TRIBAL uses a coordinate ascent algorithm to alternately infer the optimal isotype transition probabilities and then infer a representative B cell lineage tree for each clonotype. This proceeds until the CSR likelihood objective convergences within a tolerance defined by threshold. Multiple restarts are performed with different initial isotype transition probabilities. The initializations are defined by the stay_probs, a tuple of floats the defines an upper and lower bound on the diagonal of the isotype transition probability matrix. Given a number of restarts and stay probs, np.linspace(lower bound, upper bound, restarts) is used to define a stay probability, i.e., the probability of not class switching, for each restart. The remain entries in each row are either 0 if the transition violates class switching constraints, e.g., IgG -> IgM, or initialized uniformly (1 - stay_prob)/# of valid transitions from start state.
The default mode for TRIBAL if 'refinement', during the coordinate descent step TRIBAL will find the most parsimonious tree refinement of each tree in the maximum parsimony forest and ancestral isotypes given the current isotype transition probabilites. In score mode, TRIBAL will not modify the input maximum parsimony trees and will only infer the ancestral isotypes using the Sankoff algorithm with a cost function given by the negative log of the isotype transition probabilities.

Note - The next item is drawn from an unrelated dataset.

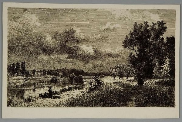 Curator: Marie Alexandre Duparc, born in 1760, offers us a glimpse into pastoral life with his piece, "A Meadow Irrigated by a River." It is currently held in the Harvard Art Museums. Editor: This etching evokes a profound sense of serenity; the grayscale tones create a tranquil and almost dreamlike atmosphere. Curator: Considering the period, and the representation of livestock integrated into the landscape, it speaks to agrarian ideals, class, and the romanticization of labor. Editor: Absolutely, one can imagine the artist etching each line, painstakingly building up the textures of the trees and the water's reflective surface. The process mirrors the slow, deliberate pace of rural life. Curator: And perhaps speaks to the power dynamics between the artist, the land, and the rural subjects depicted. Editor: Indeed. It leaves me pondering the relationship between artmaking and lived experience. Curator: It emphasizes how deeply historical context shapes artistic interpretation. Editor: It reminds us how materials and methods tell stories as much as the images themselves.

If the size the of the maximum parsimony forest is very large, the parsimony forest can optionally be downsampled to a size of max_cand during each iteration of the algorithm. The best tree found so far is always included in the next iteration to ensure convergence.
Examples:
Here is an example of how to use the TRIBAL class::
from tribal import Tribal, clonotypes
#clonotypes dictionary includes the following clonotypes
#["Clonotype_1036", "Clonotype_1050", "Clonotype_10884","Clonotype_1457", "Clonotype_755", "Clonotype_322"]
#the clonotype data contains the following isotypes encoded from 0 to 7
isotypes = ['IGHM', 'IGHG3', 'IGHG1', 'IGHA1','IGHG2','IGHG4','IGHE','IGHA2']
tr = Tribal(n_isotypes=len(isotypes), verbose=True, restarts=2, niter=15)
#run in refinement mode
shm_score, csr_likelihood, best_scores, transmat = tr.fit(clonotypes=clonotypes, mode="refinement", cores=6)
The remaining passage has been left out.